1日に何度か、していることをやめて耳を澄ませましょう。巨大なパラボラアンテナのように、360度に耳をそばだてます。体内から聴こえる音、部屋のなかの音、建物のなかの音、屋外の音──はっきりした音にも、かすかな音にも耳を澄ませます。

初めて地球に降り立った異星人のように、「あの音はいったい何なのだろう?」と耳を澄ませてください。あなた1人のために奏(かな)でられている音楽の音がすべて聴き取れますか?

取り組むコツ

簡単に耳の形を描いて、自宅や職場のさまざまな場所に貼りつけておきます。

この練習による気づき私たちは、絶えずさまざまな音を浴びて暮らしています。図書館や森のなかなど、静かな場所とされているところででもです。実際には、耳はすべての音をとらえているのですが、脳がそのほとんどをブロックしています。そのおかげで、より重要な会話の内容、講義、ラジオ放送、飛行機のエンジン音、赤ちゃんの泣き声などに集中できるのです。

研究によって、「赤ちゃんには大人には聴こえない音が聴こえる」ということがわかっています。赤ちゃんの聴覚は大変鋭く、音が鳴り終わったあとのかすかな反響まで、聴き取ることができるそうです。私たちは人生のごく初めに、これらのまぎらわしい音をブロックすることを覚えます。興味深いことに、アフリカ南部の原住民はこの赤ちゃんの聴覚の能力を保持しているのだそうです。砂漠のような非常に静かな環境で暮らしているからでしょうか。

赤ちゃんはまた、生まれる前に聴いた音楽やメロディを帯びた声を聴き分けると言います。注意を集中して聴くようにしていると、新たな世界が開けてきます。それまで邪魔だと思っていた音が、まるで異国の音楽のように、興味深く面白く感じられるようになります。背景の雑音が表舞台に出てくるのです。食べ物も、とくにカリッとしたものの場合など、口のなかでたくさんの音を鳴らします。隣の家の落ち葉を吹き飛ばすブロワー(送風機)の音も、シンフォニーの一部です。削岩(さくがん)機はパーカッションでしょうか。冷蔵庫の「ウーン」という音も、高音と低音が織りなす音のタペストリーに織り込まれていきます。

深い教訓

耳を澄ます練習は、心を鎮めるのにとても効果的です。音に関心を引かれるようになると、もっと意識を集中して聴きたくなります。真剣に耳を澄ますためには、心のなかの声にしばらく黙っていてもらわなければなりません。
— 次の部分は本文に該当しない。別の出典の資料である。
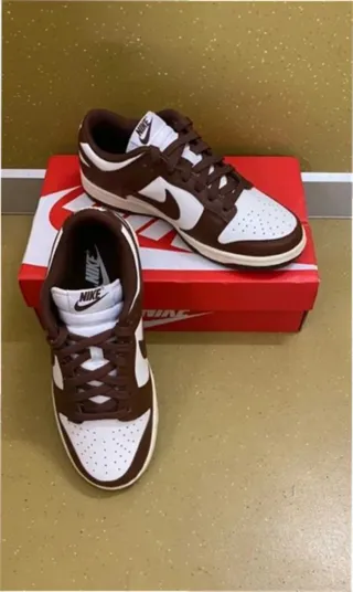 Zapatillas Nike Dunk Low con un diseño clásico en marrón y blanco. - Combinación de colores marrón y blanco. - Talla 37.5.

心のなかで「あの騒音は隣のおんぼろトラックだ!」などと悪口を言ったり、「マフラーを交換する必要があるな」などと意見を言ったりせず、ただ心を研ぎ澄まして、生まれて初めて聴いた音であるかのように聴く必要があります。それに実際に、まったく同じ音というのはないのです。

音に耳を澄ますのは、際限なく反芻(はんすう)される不安から心を切り離すよい方法です。檻(おり)のなかのリスのように、心が不安の踏み車を回すのをやめられないと気がついたら、部屋のなかから聴こえる音が織りなす音楽に耳を傾けます。1日中パソコンに向かって疲れ切ったのであれば、外へ出て、意識を闇のなかに解放し、夜が奏でる音楽に耳を傾けます。

音に関する有名な公案があります。「臨済宗中興の祖」と称される江戸中期の高僧・白隠(はくいん)慧鶴(えかく)は弟子たちにこういう公案を与えました。

「1つの手の音はどんなものか?」

この公案は後世になって、しだいに陳腐な解釈をされるようになり、「1つの手で手を叩くときの音はどんなものか?」などと間違った形で伝わっています。しかし、この公案を真摯に考えれば、深い音の世界に心が開かれます。この公案は、突き詰めていくと、「音とは何か?」あるいは「音がするか?」ということになります。心が際限のない迷路にさまよい出るとき、この問いかけが「今、ここ」に引き戻してくれます。

自分を変える言葉
「静けさ」と呼ばれる状態のなかにも、音はある。